A contract (sometimes referred to as a contract underhand) and a deed are the two ways in which a binding legal agreement can be documented.
In the majority of commercial transactions, a contract will be used to document the relationship between the parties (such as that of a manufacturer and a retailer). Whilst a contract does not need to be in writing, it is advised for record keeping purposes that it is.
For a contract to be binding, there needs to be a clear offer, acceptance, consideration (i.e. cash changing hands) and the mutual intention of the parties to be bound legally. The contract is typically executed by both parties (or authorised representatives thereof) and will be binding and in effect from the date of the document.
Deeds on the other hand do not need consideration to have changed hands between the parties for the agreement to be legally binding and enforceable. A deed must be ‘prima facie’ a deed, must be in written form, validly executed and delivered (this does not mean physically delivered, rather when the parties intend to be bound – deeds are commonly stated as being delivered upon execution).

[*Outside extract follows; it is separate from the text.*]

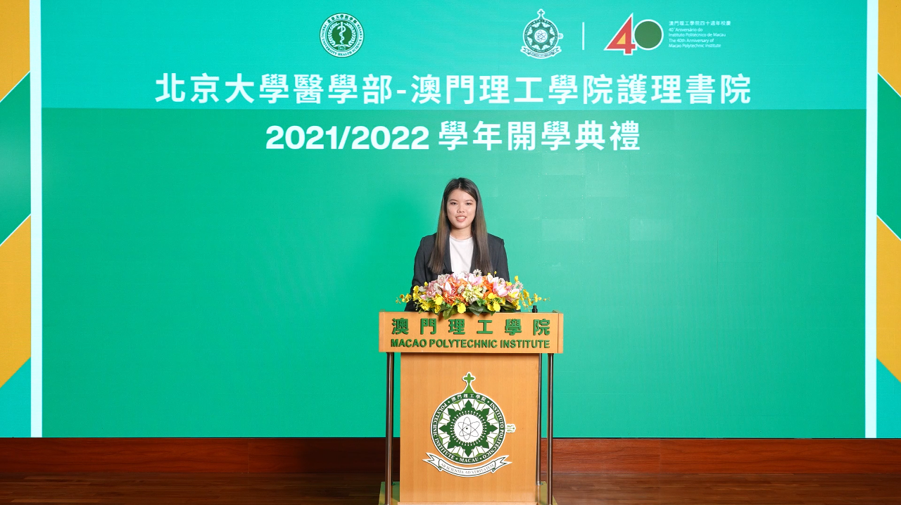 護理書院新生代表麥早慧在發言中感謝兩校的合作,讓自己有幸成為護理書院首屆新生,見證著歷史時刻的誕生。同時表示,一定會好好珍惜把握前往北京大學醫學部交流學習及實習這一難得機會。在新學年好好學習,裝備自己,打開全新精彩的人生篇章,在北京大學醫學部—澳門理工學院護理書院“築夢青春"。

There are certain documents which have to be executed as a deed, such as powers of attorney and a handful or real estate related documents.
Deeds may also benefit from an extended limitation period, that being the amount of time after a contractual breach a claim can be brought. For contracts this is 6 years following the breach giving way to the claim, however for deeds this is typically 12 years.
Overall, in a typical commercial transaction where money is changing hands, a contract tends to be the preferable form of agreement. However, where money is not being exchanged or the parties wish to rely on an extended limitation period, then a deed may be more appropriate.